The Apryse SDK has supported PDF to HTML/EPUB conversion for many years. In this article, we will demonstrate how to create a set of HTML pages with the same fixed layout as the PDF from which they are created.
There are other options for converting PDF to HTML using Apryse. For example, it is possible to create HTML pages with the same content as the PDF but with the text reflowing using the Structured Output module (which can make the content easier to read, particularly if the PDF contains multiple columns of text). These other options, however, will not be covered in this article.
The Apryse SDK is a software library that gives you access to a wide range of functionality when working with PDFs and many other document types. It supports file conversion, editing, redaction, encryption, and many other operations.
Whether you prefer macOS, Windows, or Linux, the Apryse SDK is available for your platform and in a range of programming languages, including C/C++, Java, Objective-C, Go, Node.js, Python, Ruby, PHP, VB, and C# for both .NET and .NET Core.
In this article, we will look at C# and .NET Core on a Windows platform. If that isn’t exactly your usage, don't fret, the API is consistent enough that you should be able to translate to another language easily.

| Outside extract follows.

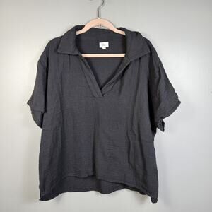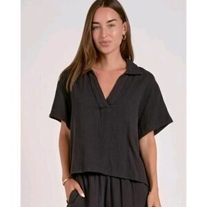Elan Gauze Blouse 100% Cotton Relaxed Short Sleeve Collared V Neck Shirt Popover

By the end of this article, you should have a Command line application that can be used to convert a PDF into a set of HTML pages. To make things a little more interesting, we will add some extra requirements:
You will need to have Visual Studio and .NET Core installed. I used Visual Studio 2022 and .NET Core 6.0, but you should get the same results with other recent versions of Visual Studio and .NET Core.
If you don’t have those available, then head over to https://visualstudio.microsoft.com/.
In Visual Studio, create a new Console App called ConvertToHTML and have it target .NET Core 6.0 (or an alternative version of your choice).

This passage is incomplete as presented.